How about some type of gourami and a few schools of tetras?

Or, you could get a few Roseline Sharks. They are a little hard to find, apparently endangered, and quite expensive, but they are striking.


----------



## Guest (Sep 3, 2008)

South American Leaffish come to mind. I've heard they can be hard to feed anything other than live foods, and they'd be better off as a species tank. I'm not sure how much experience you have, but it's worth considering. (I've always wanted them .)

A similarly behavioured fish is the Purple Spotted Gudgeon. Again medium sized, predatory toward smaller fish, but has interesting colours and behaviour. Although, I've only ever seen one at an lfs. (I've also wanted these .)

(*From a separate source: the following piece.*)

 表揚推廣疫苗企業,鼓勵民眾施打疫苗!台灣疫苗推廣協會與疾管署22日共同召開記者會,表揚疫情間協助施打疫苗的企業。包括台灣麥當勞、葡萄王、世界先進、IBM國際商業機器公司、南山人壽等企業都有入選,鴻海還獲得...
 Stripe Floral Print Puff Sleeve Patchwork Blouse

Those are just a couple suggestions. Hopefully that helps, so I'll stop throwing my dream fish at you


----------



## FishyMama79 (Aug 14, 2008)

I saw the leaffish today when I was browsing at the fish store. They are beautiful! Of course the guy at the store knew absolutely nothing about them, so now I am going to do some research on them and see if they would be a good match for me.


----------



## lohachata (Jan 27, 2006)

L-46.......l-114.....l-24.......l-25.....l-14


----------



## trashion (Aug 24, 2007)

A pair of Kribensis!


----------



## TheOldSalt (Jan 28, 2005)

Maybe some Rainbows?
Congo tetras?
How about big spectacular killies like Blue Gularis?


----------



## fishboy689 (Jul 16, 2008)

Maybe one blood parrot cichlid?


----------



## FishyMama79 (Aug 14, 2008)

The blood parrots are gorgeous, but unfortunately the only ones I can find in town have been dyed ( I have narrowed it down to either a Blue Gularis, a
pair of Kribensis (sooo cute), or a few blue dwarf gouramis. I was also checking out the dragon goby. Anyone know anything about them?


----------



## TheOldSalt (Jan 28, 2005)

Dragon Gobies are a bit of a pain. The need brackish water and feed by sifting the substrate. Plus, they don't DO much, and just sit around most of the time.


----------